►

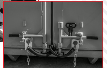
Dual Locking Mechanism
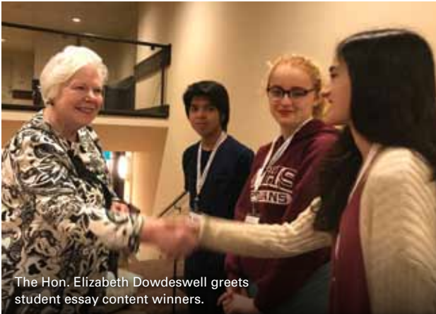
The Hon. Elizabeth Dowdeswell greets student essay content winners.
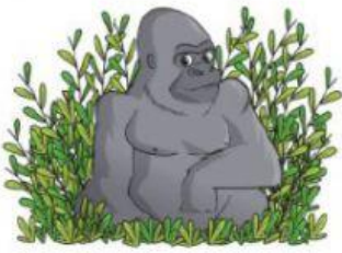
It's a gorilla.

1. Click on the animals, listen and read.
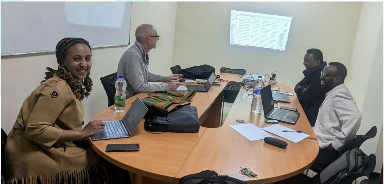
Checking the book of Luke with the Karama team. Checking started the same day that Mark and Exodus arrived for distribution!

speaks.” The Word is effective in the language people know best! Please pray that barriers to the Gospel would be removed, so that the Holy Spirit opens many hearts for Jesus in the Karama community!
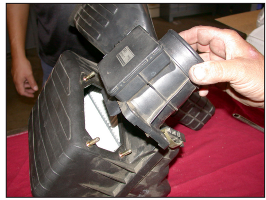
15. Remove the nuts that secure the mass air sensor to the stock air cleaner then, remove the mass air sensor as shown.
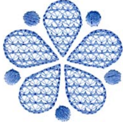
12403-25 Small Flower 3

Note: Some designs in this collection may have been created using unique special stitches and/or techniques. To preserve design integrity when rescaling or rotating designs in your software, always rescale or rotate designs using the handles directly on-screen.
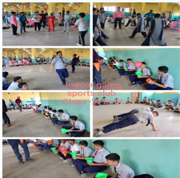
Indoor game, sports club Class - VI to IX
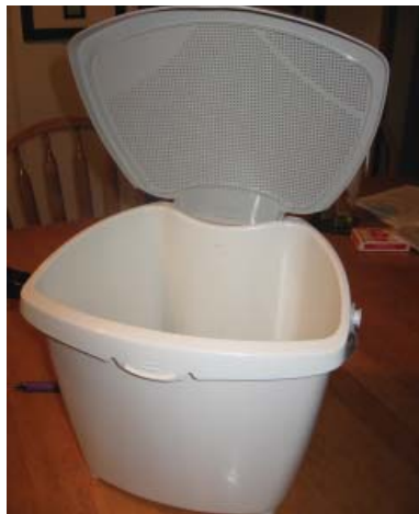
Kitchen container with locking lid and aeration holes.
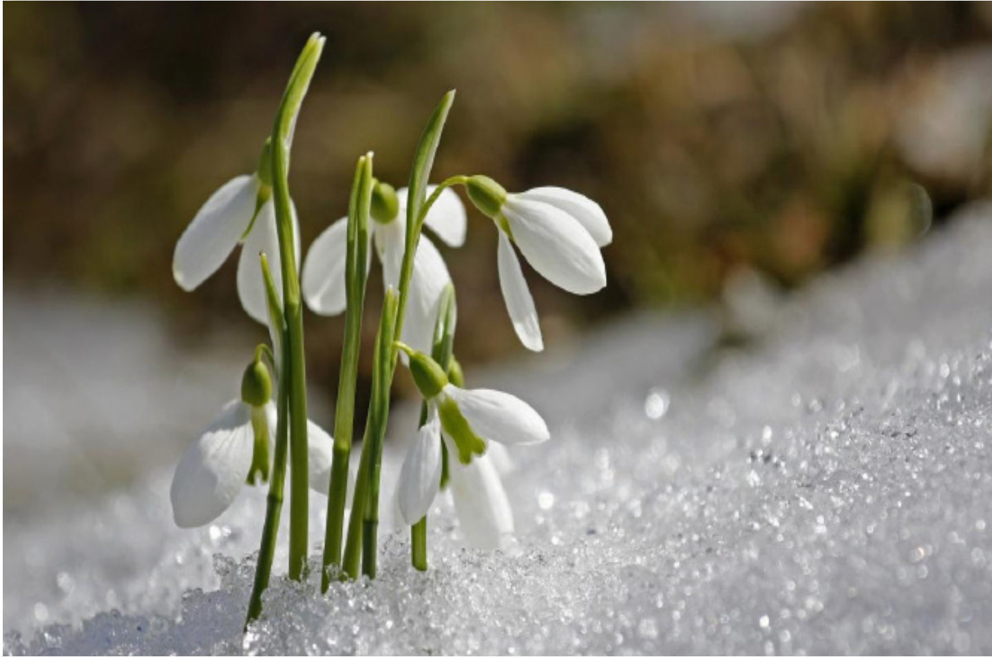
THERE IS SO MUCH HOPE IN A LITTLE FLOWER...SURROUNDED BY SNOW.

East Jordan Chamber (231) 536-7351 100 Main Street, Suite B East Jordan, MI 49727 ejchamber.org
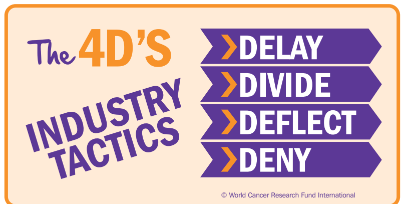
Figure 3: Common industry tactics used to challenge FOPL

Common elements of policymaking processes were identified as drivers to develop and implement a robust FOPL that can withstand opposition:
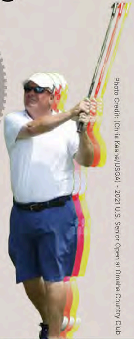
2021 U.S. Senior Open at Omaha Country Club
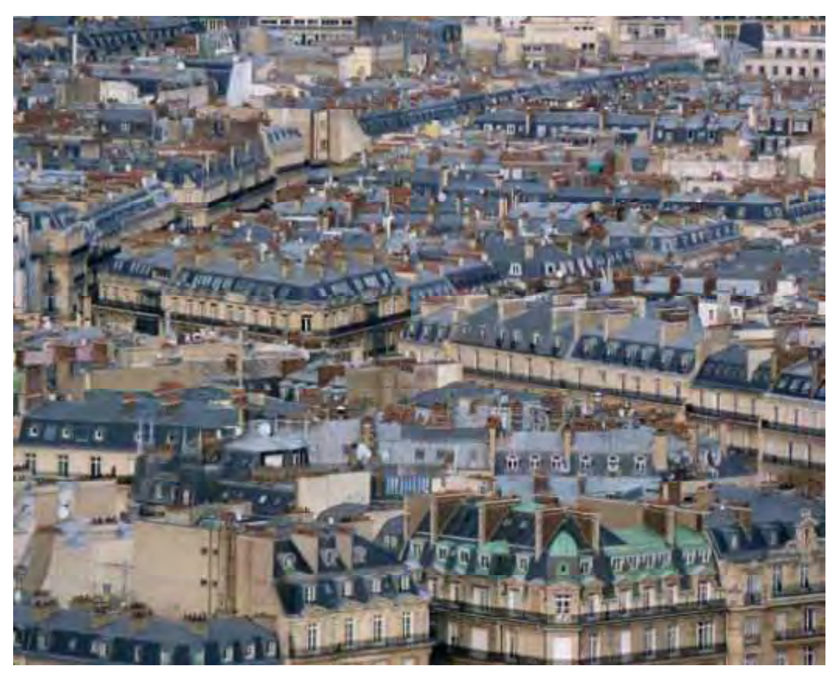
Fig. 1 Haussmannian Paris

The question is all the more important insofar as the fragility of modern cities is structural: they have exposed themselves more to risks by becoming more and more artificial and incorporating energies that are
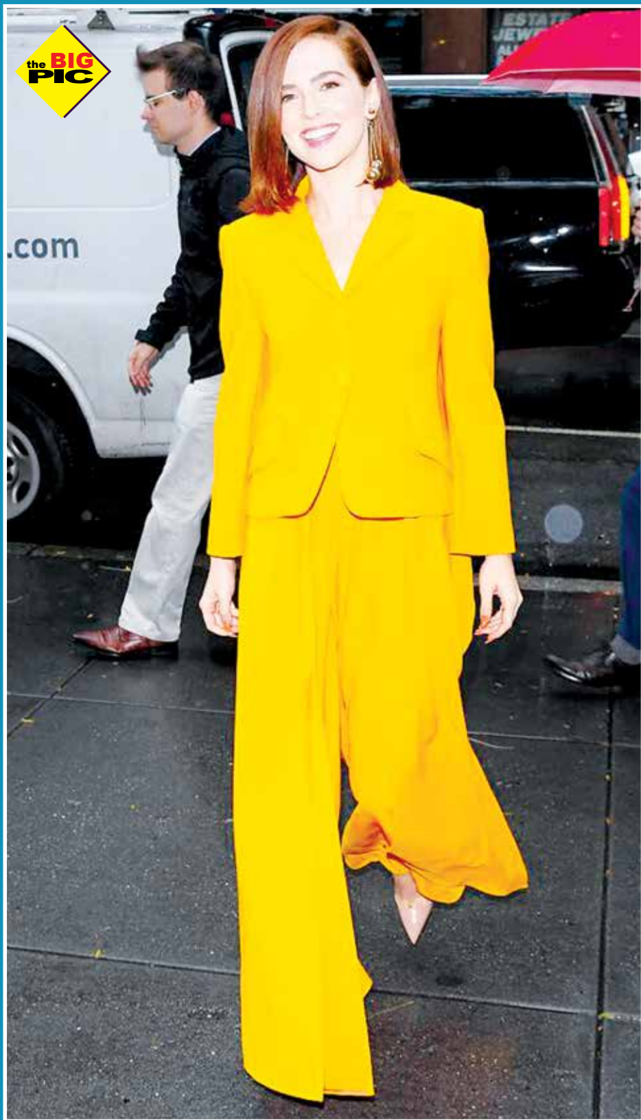
VIBRANT VIBES! The actress, Zoey Deutch is bursting with brightness in an orange pant suit on a rainy day in New York City.

Feige will again take creative charge on Spider-Man 3, this time with Disney putting up 25% of the budget. The deal also entitles Disney, who already owns 100% of the Spider-Man merchandise rights, to 25% of net gross when this next Spider-Man swings into theaters July 16, 2021.
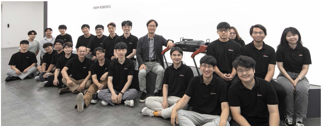
AIDIN ROBOTICS team

Dr. Kim stated, "In the future, our quadruped robot will consider adopting a dual-encoder design, meaning that one encoder will be placed at the input and another at the output. By comparing the positional information and speed data from both encoders, as well as the output of the driving current and motor torque, we can assess the magnitude of external forces acting on the joints, thereby enabling safe control of the robot."
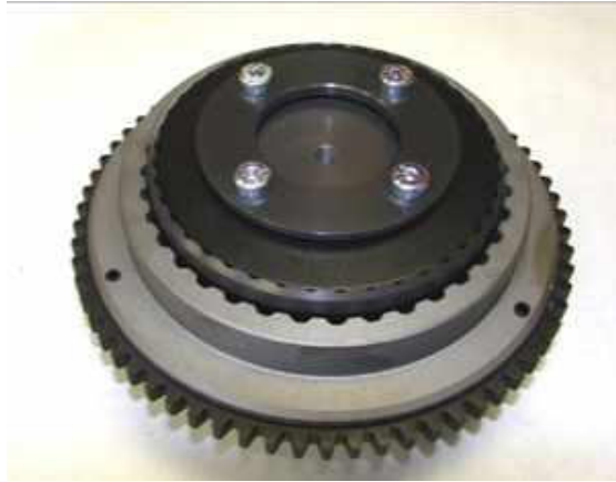
BDL Ball Bearing Clutch Basket Fits 1998 to 2006 Big Twin
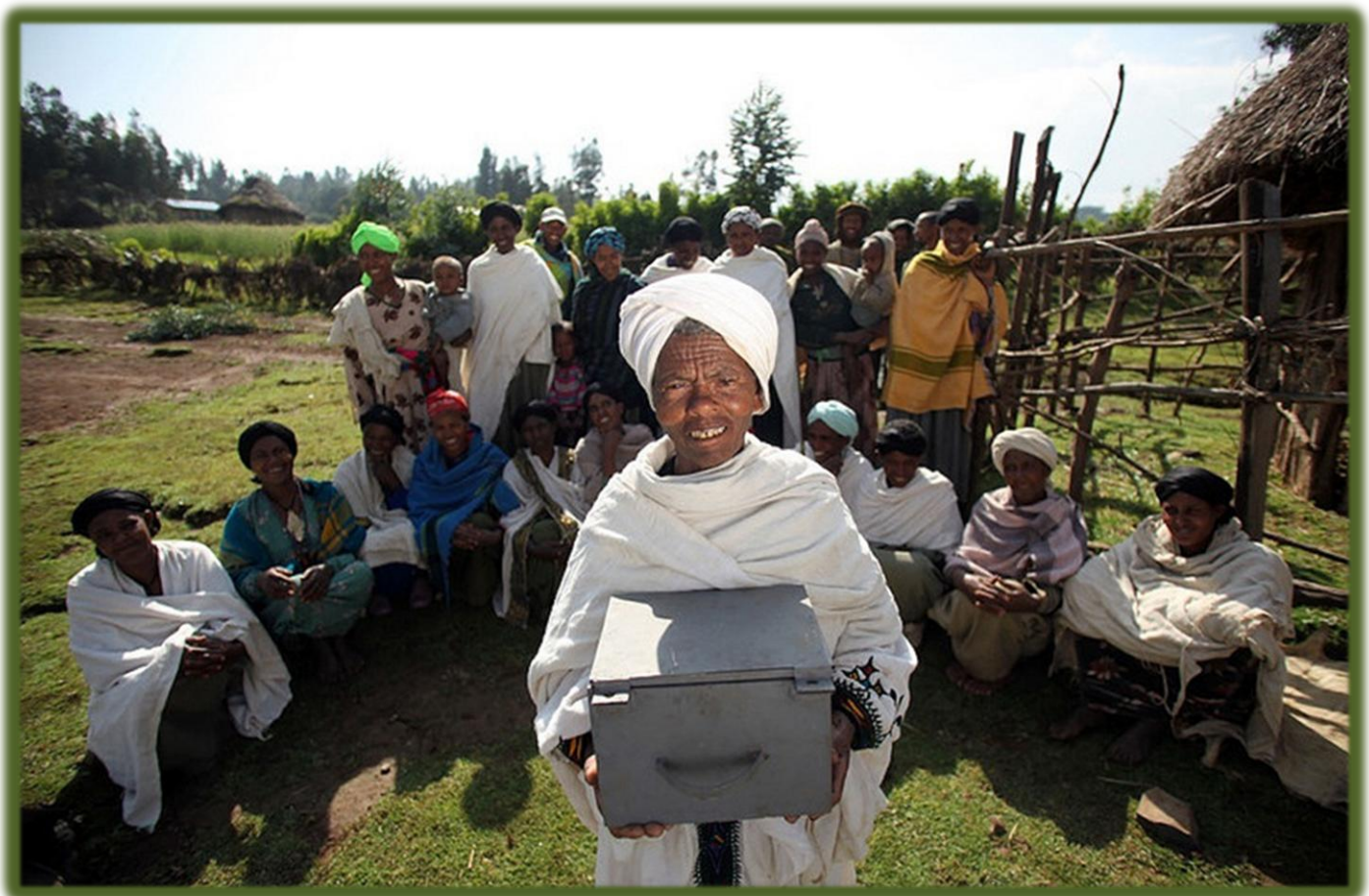
The treasurer of Beletech's (far left) community water committee in her village in Ethiopia displays the community savings box.

◄

§ The task
Which lines run from the one containing "Fig. 1 Haussmannian Paris" through the last line of the entries above? Output them exactly, both ends included, with no pictures.

§ Solution
Fig. 1 Haussmannian Paris

The question is all the more important insofar as the fragility of modern cities is structural: they have exposed themselves more to risks by becoming more and more artificial and incorporating energies that are
VIBRANT VIBES! The actress, Zoey Deutch is bursting with brightness in an orange pant suit on a rainy day in New York City.

Feige will again take creative charge on Spider-Man 3, this time with Disney putting up 25% of the budget. The deal also entitles Disney, who already owns 100% of the Spider-Man merchandise rights, to 25% of net gross when this next Spider-Man swings into theaters July 16, 2021.
AIDIN ROBOTICS team

Dr. Kim stated, "In the future, our quadruped robot will consider adopting a dual-encoder design, meaning that one encoder will be placed at the input and another at the output. By comparing the positional information and speed data from both encoders, as well as the output of the driving current and motor torque, we can assess the magnitude of external forces acting on the joints, thereby enabling safe control of the robot."
BDL Ball Bearing Clutch Basket Fits 1998 to 2006 Big Twin
The treasurer of Beletech's (far left) community water committee in her village in Ethiopia displays the community savings box.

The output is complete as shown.